Splicing is a co-transcriptional process whereby a single gene can be converted into multiple unique mRNA fragments for enhanced protein diversity. While splicing is integral for normal cellular function in complex organisms, mistakes i splice-selection can be extremely deleterious. In fact, splicing errors are associated with numerous human diseases including muscular dystrophy, Alzheimer's disease, parkinsonism, metabolic disorders, ataxias and cancers. Splicing occurs at the spliceosome, a macromolecular complex that includes both RNA and proteins. In the latter group, SR proteins are essential splicing factors that control where and how the spliceosome assembles on precursor mRNA. SR proteins contain C-terminal domains rich in arginine-serine repeats whose polyphosphorylation controls splice-site selection. The SRPK family of protein kinases phosphorylates these RS domains directing SR proteins into the nucleus for splicing activity. While SRPKs are normally localized to the cytoplasm for this function, they can enter the nucleus under certain conditions further affecting SR protein phosphorylation levels and alternative gene splicing.

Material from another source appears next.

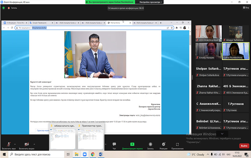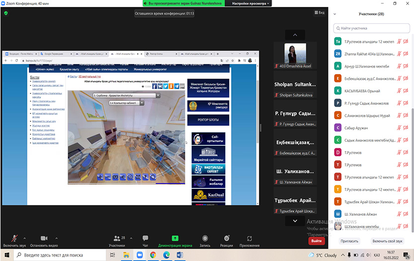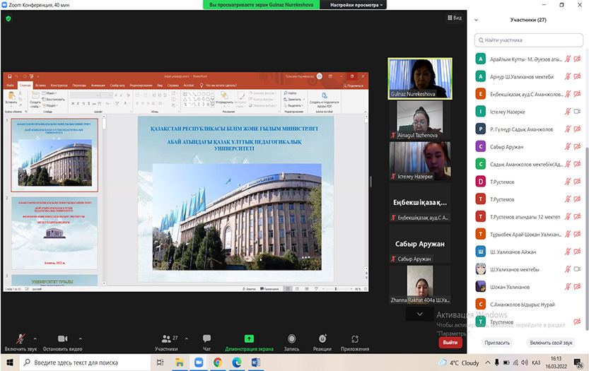 Нурекешова Г.Р. сделала общий обзор с сайта нашего университета по виртуальному 3D-туру, акцентировав внимание на специальностях, которые имеются в КазНПУ имени Абая и на достижениях вуза с момента его основания. Были использованы тематические слайды.

Although phosphorylation is critical for splice-site choice, very little is known about how residue-specific phosphorylation of SR proteins controls alternative gene splicing. Clearly, knowing how the SRPKs are regulated in the cell and how they recognize and phosphorylate SR proteins is essential for an understanding of gene splicing and disease pathologies related to mis-splicing. We showed that SRPKs and phosphatases work in opposite directions concentrating phosphates toward the C-terminal end of RS domains. We will now explore how this unique phosphate distribution termed "phosphate biasing" affects SR protein function. We recently showed that the catalytic activity of SRPK1 is dependent on a nucleotide release factor composed of sequence elements from a large insert domain and an N-terminal extension. We propose that this conserved release factor is a hub for SRPK regulation in the cell. We will demonstrate how phosphorylation and protein-protein interactions modulate this factor and regulate SR protein phosphorylation levels and gene splicing.

Public Health Relevance

Incorrect splicing of genetic material is responsible for many neurodegenerative diseases and cancer. To better understand the connection between human disease and gene processing, we are studying the role of SRPKs, a critical enzyme family that regulates splicing activity in the cell.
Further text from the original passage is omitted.